SELECT avg(age) FROM customers WHERE city = ‘Barcelona’ TABLESAMPLE
(1 PERCENT)
Qbeast enables approximate queries, the ability to provide approximate answers to queries at a fraction of the cost of executing the query. With the Qbeast, you can access a statistically representative sample of the dataset and return the result of the query within a margin of error.

Continuous Optimization

QbeastTable.forPath(spark, tmpDir).optimize()
As your table grows, Qbeast optimization will dynamically adjust to the shape and density of your data. Our unique index delivers balanced file sizes, with records grouped based on the dimensions interesting for your business and use-cases.

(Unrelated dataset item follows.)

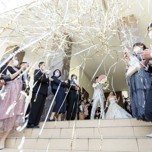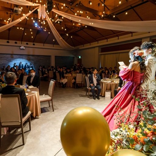 挙式の入場前にスイッチングレターをしました。一人一人に手紙を書き、私たちがチャペルに入場する前に一斉に読んでもらうことで温かい雰囲気を作ることができました。ゲスト一人一人と話す時間は十分にとれないので、手紙に伝えたい思いを込めました。挙式後は大階段でビッグクラッカーをしました。ゲストの驚いている顔や楽しんでいる顔が鮮明に蘇ってきます。その後アクアテラスでバルーンスパークをやりました。本当はドロップアンドフライをやりたかったのですが、内戦の影響でヘリウムガスが手に入らないとのことだったため、ヘリウムガスが無くてもできることをプランナーさんが提案してくれました。ボタンを自分たちで5つ用意し、ゲストの方々を5人指名し順番にボタンを押してもらい、当たりを引いたら割れるというように行いました。いつ割れるかわからないドキドキ感をゲストの方々に楽しんでいただけたと思います。披露宴では入場後、席札でもあり、引き出物でもある世界で一つだけのカップを一斉にオープンしました。金色のカップが出たお二方には乾杯の時に前に出てきてもらい、おもてなしの気持ちを込めて、私たちが直接乾杯ドリンクを注ぎ、一緒に乾杯をしました。

Reduce Shuffling for Joins & Aggregations

SELECT c.country,  COUNT(DISTINCT o.customer_id) AS total_customers, SUM(o.amount) AS total_revenue
FROM orders o
JOIN customers c
ON o.customer_id = c.customer_id 
WHERE o.order_date BETWEEN '2023-01-01' AND '2023-12-31'GROUP BY c.country;
Shuffling is often a dominant cost in analytics queries. Qbeast optimization can reduce or eliminate costly data shuffling for joins and aggregations by strategically scheduling data partition tasks to the same executors.